# Cedar planked speckled trout



## travhale (Apr 19, 2017)

Has anyone tried this, was it good? 


Sent from my iPhone using Tapatalk


----------



## etrade92 (Jul 30, 2015)

Its got to be. I grill specks all the time, but never slowed it down on a board.


----------



## travhale (Apr 19, 2017)

etrade92 said:


> Its got to be. I grill specks all the time, but never slowed it down on a board.

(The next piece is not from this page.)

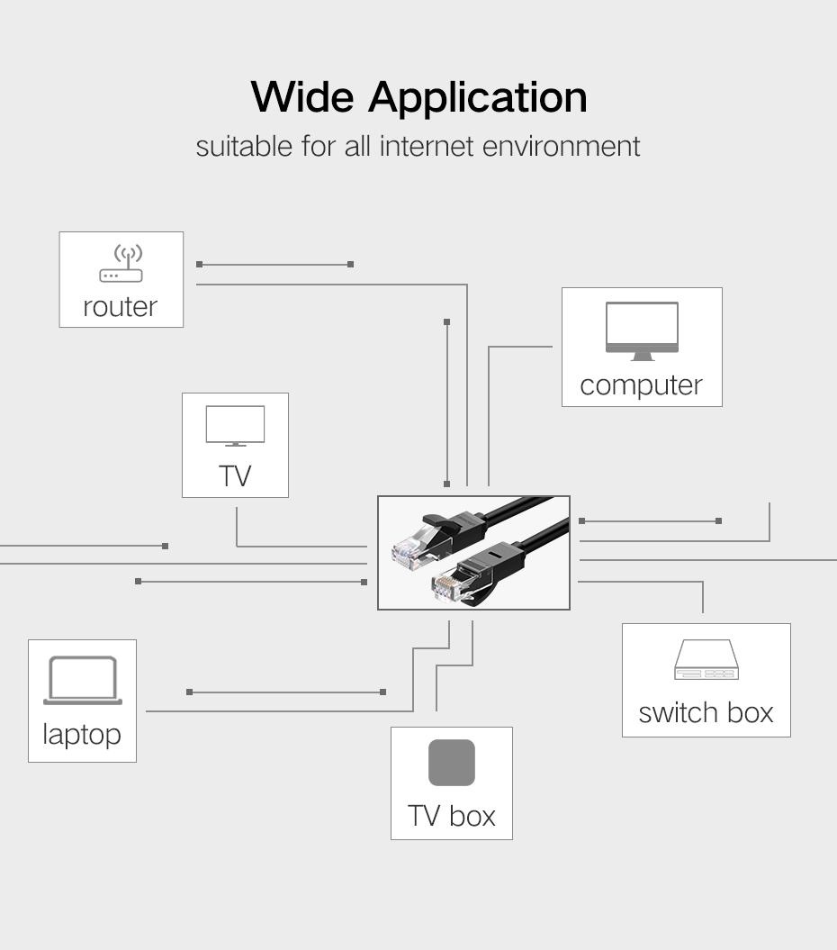 - Cáp mạng Cat6 đúc sẵn 2m Ugreen 20160 kết nối máy tính với máy in, bộ định tuyến, hộp chuyển đổi hoặc thành phần mạng khác trong Mạng cục bộ có dây (LAN) có dây. Chia sẻ tệp máy chủ, sử dụng máy in mạng, truyền trực tuyến âm thanh / video, liên kết PC thông qua chuyển đổi mạng và hơn thế nữa, với tốc độ truyền dữ liệu lên tới 1000 Mbps (1 Gbps)

How do you like to grill it? 


Sent from my iPhone using Tapatalk


----------



## jack2 (Mar 19, 2010)

i saw this on o'neil outdoors and it looked good but....
i ain't paying $4 for a cedar board and i don't like dill on meat.

jack


----------



## TouristRig (Mar 3, 2014)

I do it often and it is amazing. You can buy the boards for a lot less if you watch for sales. Buy an actual plank at HD and cut it up. 
I usually soak the board in water for thirty min, rub the fish down with olive oil, S&P and a little lemon juice. I put the fish on the board and then place on grill. I like the board to actually burn on the bottom for smokiness. 



Sent from my iPhone using Tapatalk


----------



## etrade92 (Jul 30, 2015)

travhale said:


> How do you like to grill it?
> 
> 
> Sent from my iPhone using Tapatalk




On the half shell. Add mix mayo, tonys, and pepper together. Rub it on and grill on 500 for just a few minutes.


----------